Creutzfeldt-Jakob disease: reflections on the risk from blood product therapy.

作者信息

Brown P

机构信息

Commissariat à l'Energie Atomique, Fontenay-aux-Roses, France; and Fondation Alliance BioSécure, Les Ulis, France.

出版信息

Haemophilia. 2007 Dec;13 Suppl 5:33-40. doi: 10.1111/j.1365-2516.2007.01572.x.

Abstract

Creutzfeldt-Jakob disease (CJD) was first described as a clinical entity in the 1920s, first transmitted experimentally in 1968, and first transmitted iatrogenically in 1972 (corneal transplant).

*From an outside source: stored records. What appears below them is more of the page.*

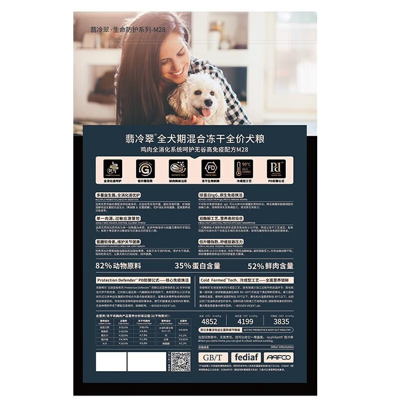 翡冷翠M系列狗粮冻干鸡胸肉低敏无谷配方全期犬粮全阶段适用 M28鸡肉全价犬粮5.45kg
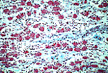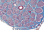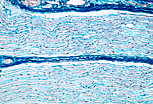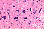神经节细胞 的胞体(核周体)浸润于结缔组织基质中,基质内有大量传入或传出神经纤维穿行(这些纤维源自神经节细胞或仅穿过神经节)。轴索表现为嗜酸性“细丝”束,彼此间由少量结缔组织分隔。这些纤维多为施万细胞性无髓神经纤维。 |
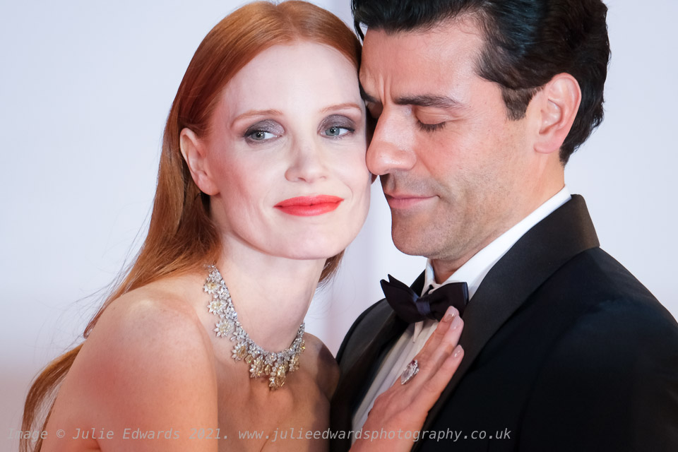 Jessica Chastain and Oscar Isaac poses on the red carpet for SCENES FROM A MARRIAGE during the 78th Venice International Film Festival on Saturday 4 September 2021 at The Palazzo del Cinema, Lido di Venezia, Venice. . Picture by Julie Edwards.
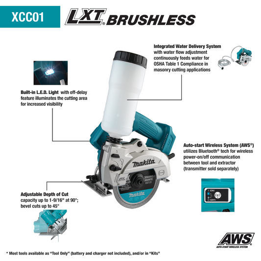 Makita XCC01Z 18V LXT® Lithium‑Ion Brushless Cordless 5" Wet/Dry Masonry Saw, AWS® Capable, Tool Only
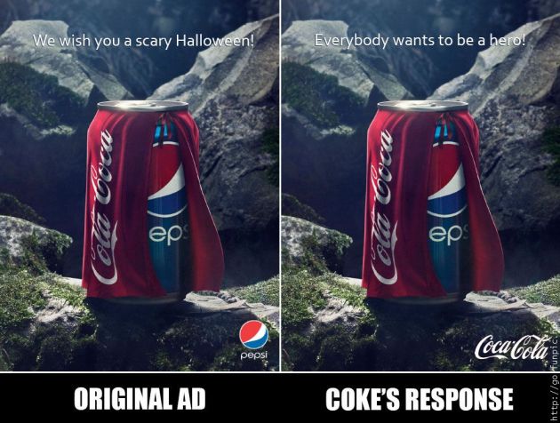 Pepsi wykorzystało Halloween, by „postraszyć” Coca-Colą. Po prawej stronie odpowiedź ze strony fanów Coca-Coli, którzy z humorem podeszli do zaczepki konkurenta.
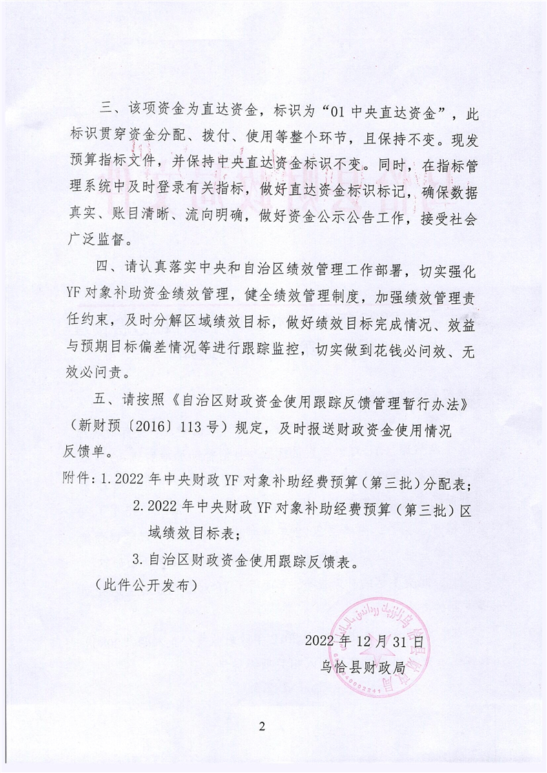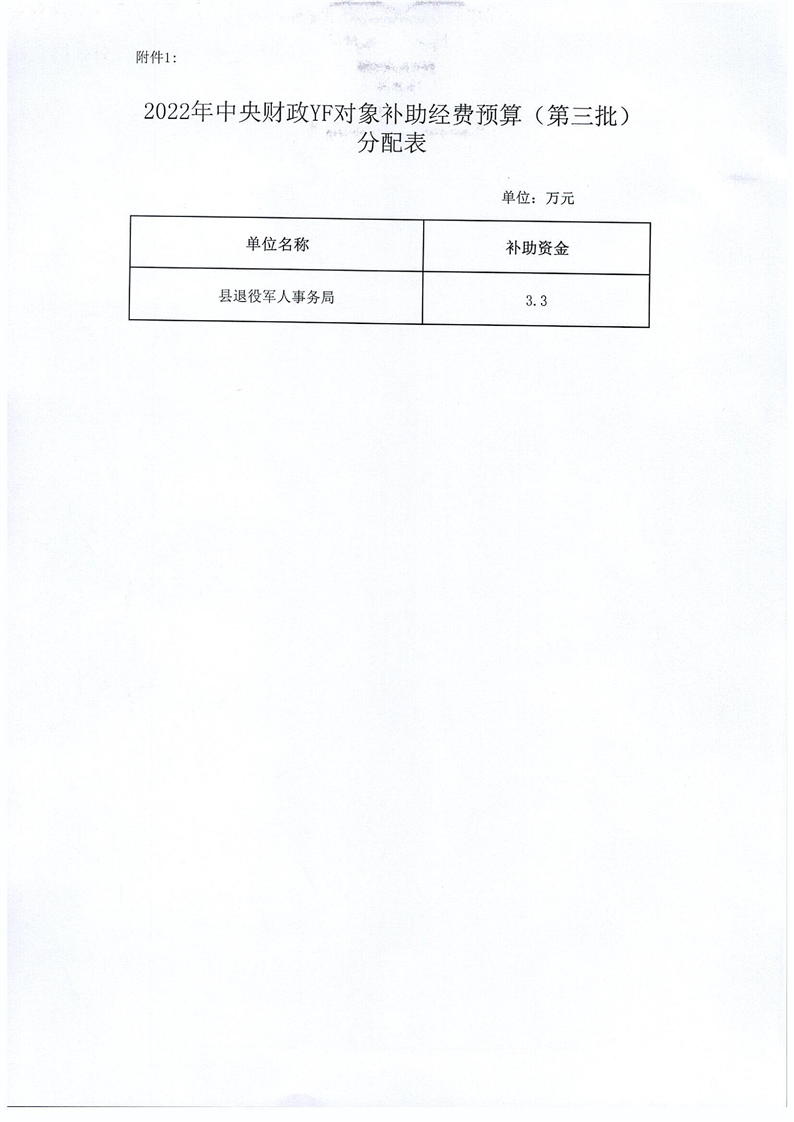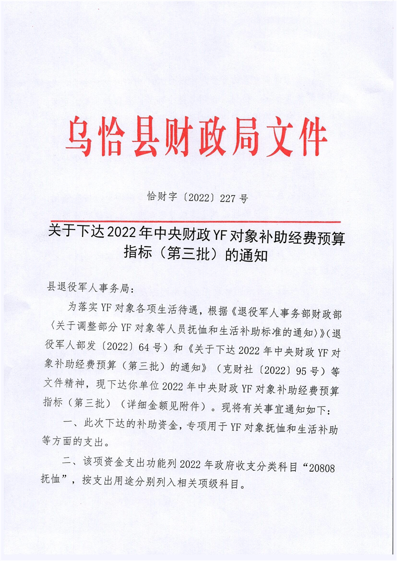 关于下达2022年中央财政YF对象补助经费预算指标(第三批)的通知
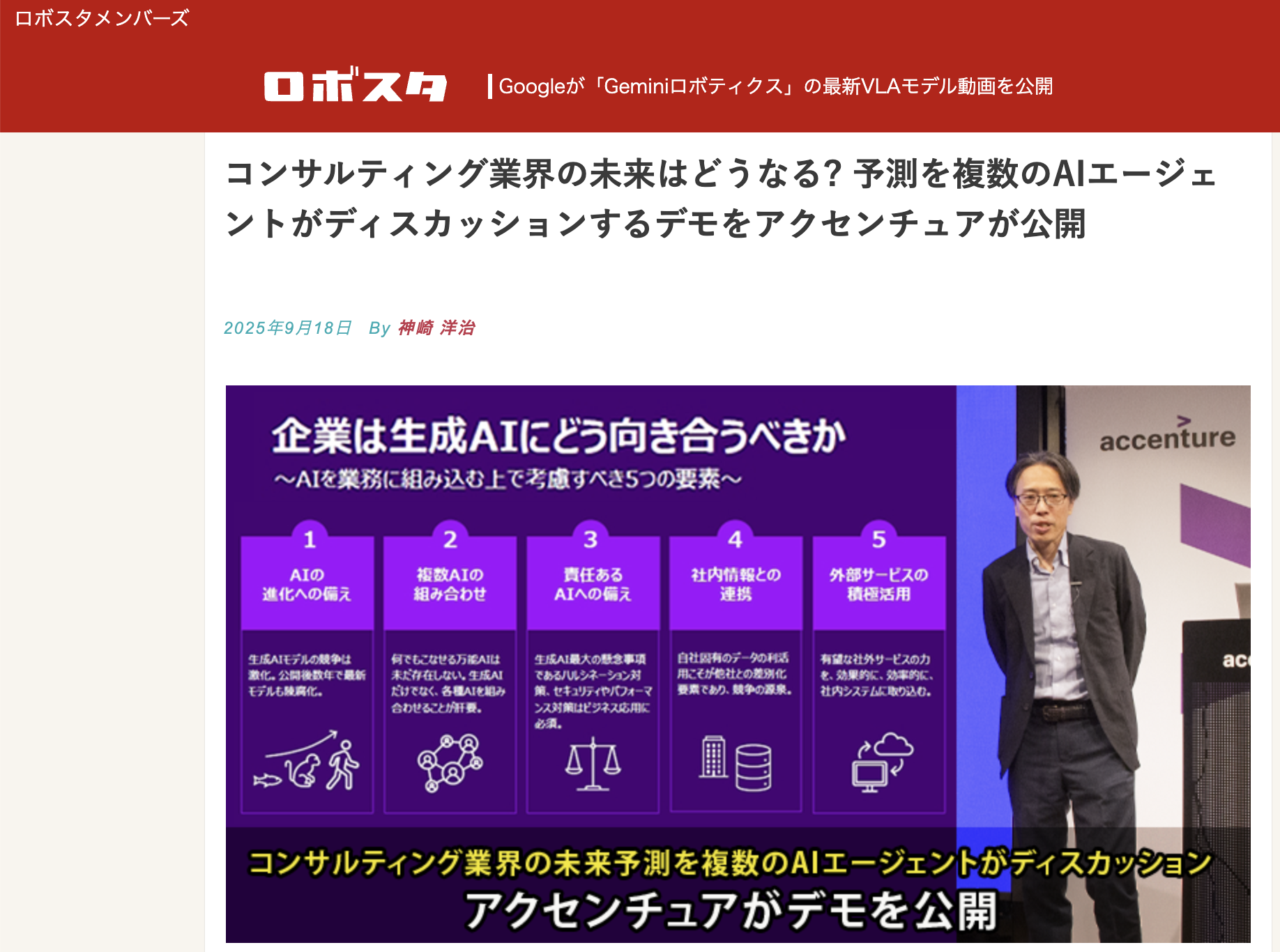 ロボスタ「コンサルティング業界の未来はどうなる? 予測を複数のAIエージェントがディスカッションするデモをアクセンチュアが公開」
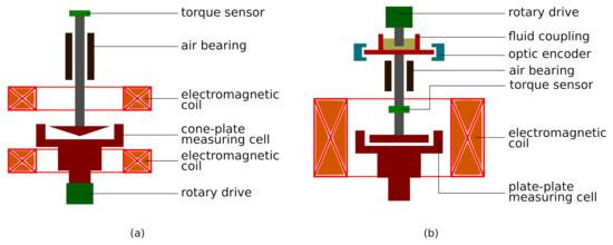 Rheometric equipment: (a) shear rate and (b) shear-stress-controlled experimental setup. A detailed description and evaluation of the equipment is given in [1,23], respectively.
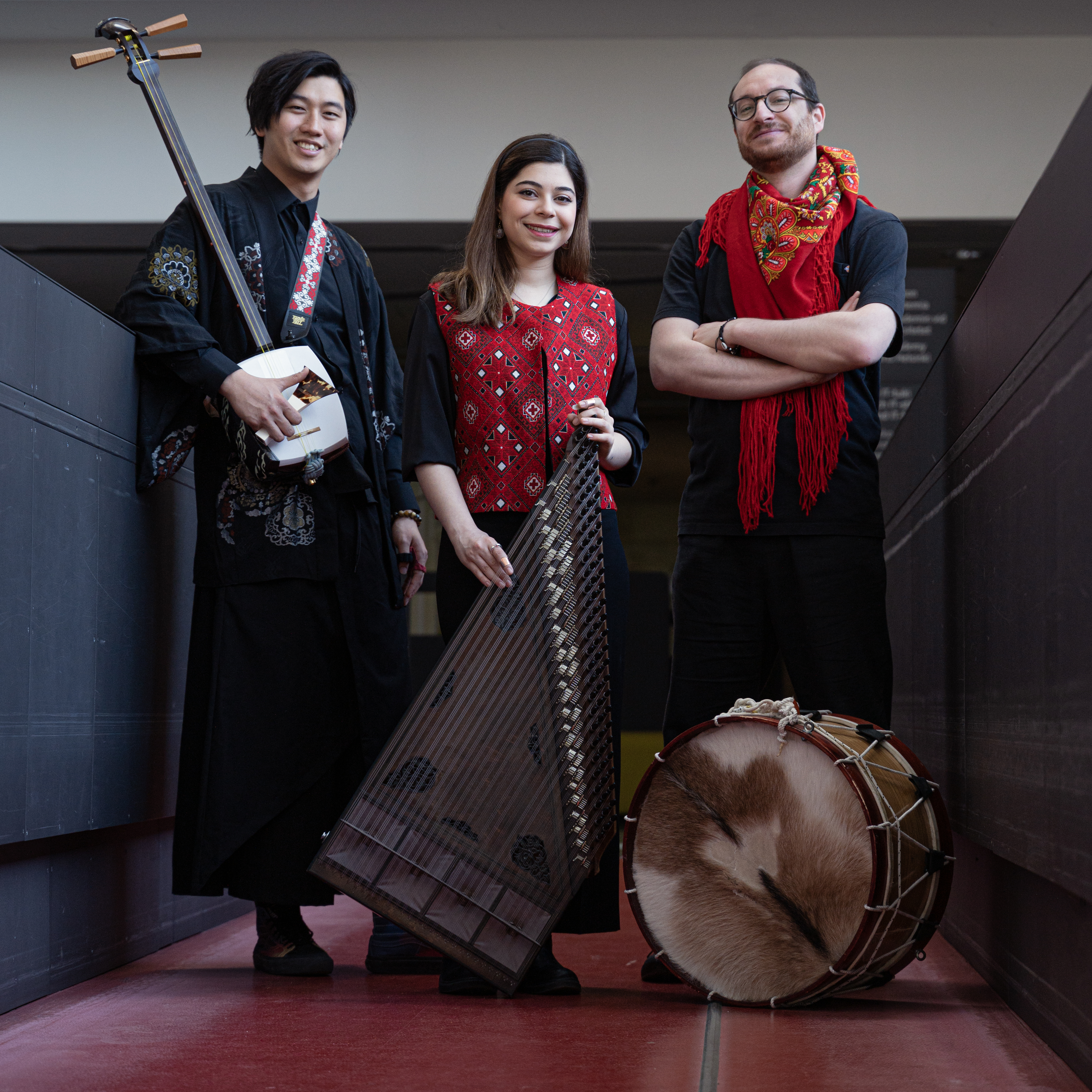 KAôS is a collective of artists from Taiwan, Iran, and Portugal that blends traditional and contemporary folk music from around the world. Ni Jui Hsin (Ray) brings the vibrant Japanese sound of the Tsugaru shamisen, Sara Majidi Nejad shares Persian influences through the Qanun, and João Luís contributes eclectic percussion inspired by community-focused collaboration. Together, they reinterpret ancient melodies through innovative arrangements, storytelling, and multilingual expression.
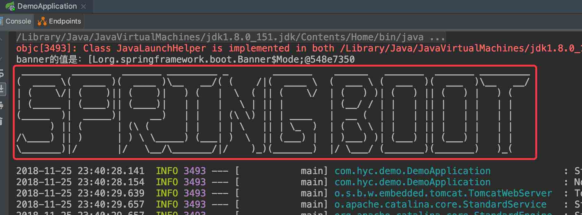 上面红色框框内的“SPRING BOOT”被称为Banner,意为横幅,默认会开启并在控制台打印,其实我们可以修改它的内容和样式,即定制;并选择是否开启及开启后将其输出到哪里。
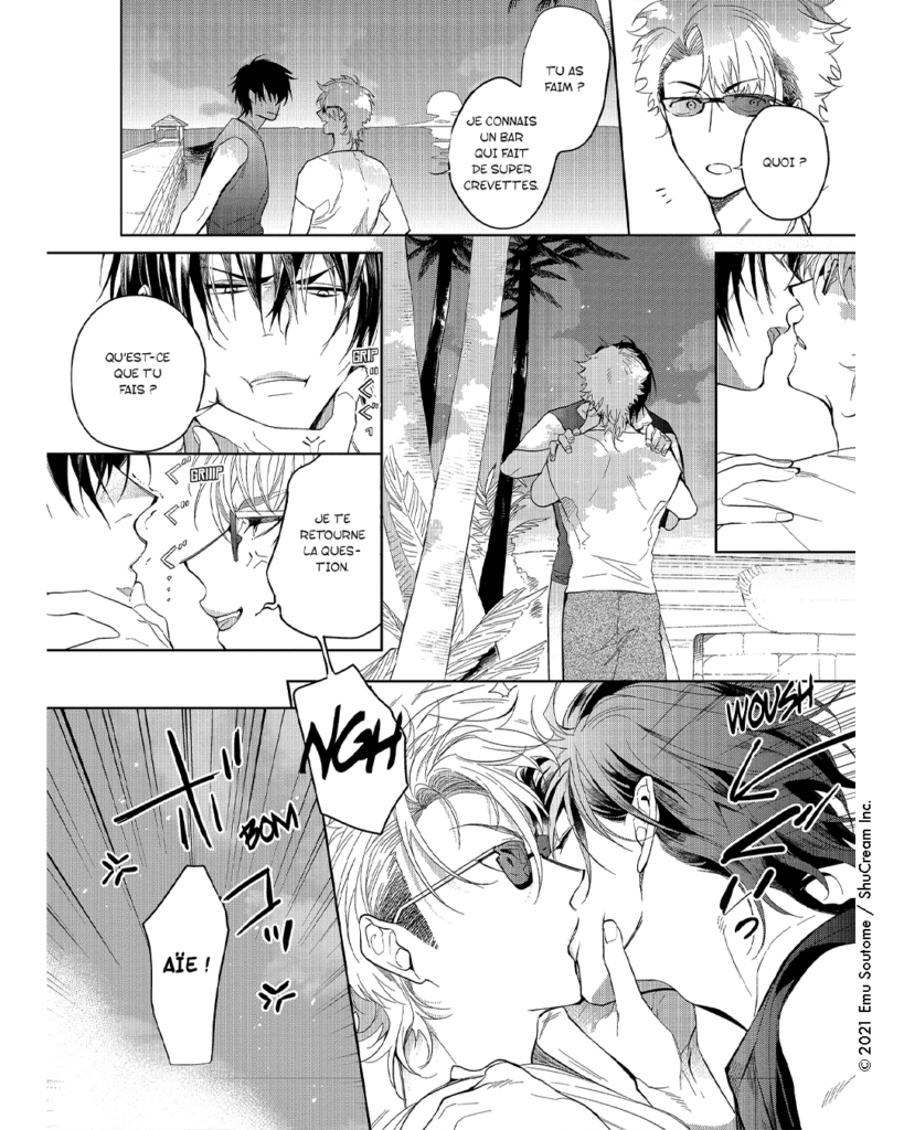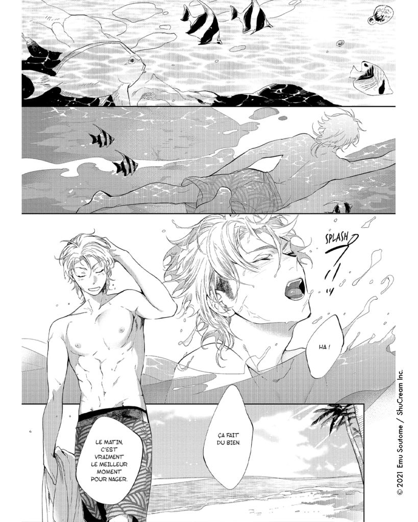 Emu Soutome confirme ici son talent pour mettre en scène des personnages aux forts caractères et à l’esthétique soignée. Par-delà l’égoïsme promet d’être un récit ultra-sexy, porté par un cadre paradisiaque qui donne déjà un avant-goût de vacances. C’est le rendez-vous idéal pour les amateurs de romances explosives où la tension physique est palpable à chaque page.

Numerous experimental studies in rodents, sheep and primates have since revealed very low levels of infectivity in blood (about 1/100 000th the level in brain tissue) that can appear as early as half-way through the incubation period, with 5-10 fold higher concentrations in leucocytes than plasma. Transfused blood from individuals incubating the variant form of CJD has transmitted infection to four recipients in the United Kingdom, and several dozen other recipients remain at risk. Plasma and plasma proteins have not been implicated in any transmissions, and no instance of transmission from the blood of individuals incubating other forms of CJD has been recognized. Strategies to prevent iatrogenic transmissions include low-risk sourcing, leucodepletion, and a variety of infectivity-reducing plasma processing steps; screening tests to detect infection in preclinical donors are under development.

摘要

克雅氏病(CJD)于20世纪20年代首次作为一种临床实体被描述,1968年首次通过实验传播,1972年首次医源性传播(角膜移植)。此后,在啮齿动物、绵羊和灵长类动物身上进行的大量实验研究表明,血液中的感染性水平非常低(约为脑组织中感染性水平的1/100000),最早可在潜伏期的一半时出现,白细胞中的浓度比血浆高5至10倍。在英国,来自感染变异型CJD个体的输血已将感染传播给了4名接受者,其他几十名接受者仍处于危险之中。血浆和血浆蛋白尚未涉及任何传播病例,也未发现有感染其他形式CJD个体的血液传播的实例。预防医源性传播的策略包括低风险采血、白细胞去除以及多种降低感染性的血浆处理步骤;检测临床前供体感染的筛查试验正在研发中。